Let f(x) = 2/3-x
a) find the slope of the tangent to the graph of f at a general point x0 using the definition of the dervative.
b) use the result in part a to find the slope of the tangent at x0=1.
I am very confused.
My answer for (a) 1/ 6-6x-x^2
(b) -1
I compared them to a classmate - answers didn't agree.
I am lost.
How did you get that derivative?
I rewrote the equation to
y = 2(3-x)^-1
then y' = -2(3-x)^-2(-1)
= 2/(3-x)^2 or 2/(x^2 - 6x + 9)
so when x=1, y' = 2/(3-1)^2 = 1/2
I understand that you are feeling confused about finding the slope of the tangent to the graph of f(x) = 2/(3-x) using the definition of the derivative, and how to apply it to find the slope at a specific point x0=1. Let's go through the steps together to help clarify the process.
a) To find the slope of the tangent at a general point x0 using the definition of the derivative, we need to apply the limit definition of the derivative.
The definition of the derivative is given by:
f'(x) = lim(h->0) [(f(x + h) - f(x)) / h]
To find the slope of the tangent at x0, we substitute x0 into the definition:
f'(x0) = lim(h->0) [(f(x0 + h) - f(x0)) / h]
In this case, f(x) = 2/(3-x), so we substitute it into our equation:
f'(x0) = lim(h->0) [(2/(3-(x0+h)) - 2/(3-x0)) / h]

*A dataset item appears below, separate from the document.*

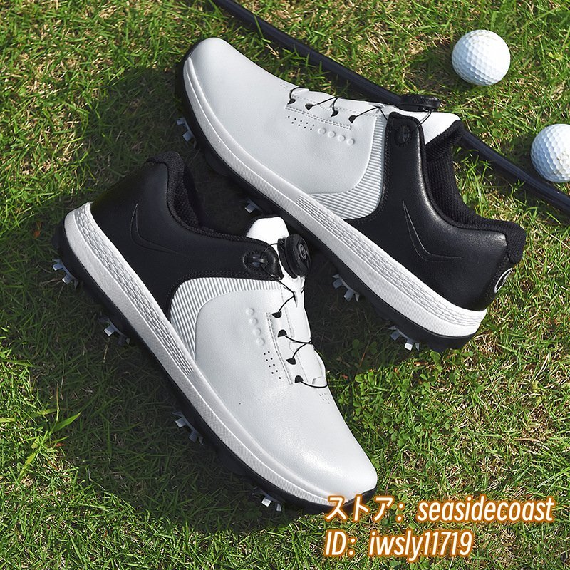 > 高級品 ゴルフシューズ 強いグリップ ソフトスパイク 運動靴 フィット感 軽量スポーツシューズ 新品 弾力性 通気性 防滑 耐磨 白/黒 27.5cm

Now, simplify this equation by finding a common denominator:
f'(x0) = lim(h->0) [((2(3-x0) - 2(3-(x0+h)))) / ((3-(x0+h))(3-x0)) / h]
f'(x0) = lim(h->0) [(6 - 2x0 - 6 + 2(x0 + h)) / ((3-(x0+h))(3-x0)) / h]
f'(x0) = lim(h->0) [(6 - 6 + 2x0 + 2h - 2x0 - 2h) / ((3-(x0+h))(3-x0)) / h]
After canceling out similar terms, we are left with:
f'(x0) = lim(h->0) [2 / ((3-(x0+h))(3-x0)) / h]
Now, simplify the expression further by multiplying the numerator and denominator by -1 to get:
f'(x0) = lim(h->0) [-2 / ((x0 + h - 3)(x0 - 3)) / -h]
Next, we take the limit as h approaches 0:
f'(x0) = -2 / ((x0 - 3)(x0 - 3))
Thus, the slope of the tangent at a general point x0 using the definition of the derivative is:
f'(x0) = -2 / ((x0 - 3)(x0 - 3))
b) To find the slope of the tangent at x0 = 1, we substitute x0 = 1 into the equation we obtained in part a:
f'(1) = -2 / ((1 - 3)(1 - 3))
Simplifying this equation, we get:
f'(1) = -2 / (2 * 2)
f'(1) = -2 / 4
Finally, we simplify this expression to obtain the slope:
f'(1) = -1/2
Therefore, the slope of the tangent at x0 = 1 is -1/2.
Comparing this with your classmate's answer, -1/2, it seems that your classmate's answer is correct.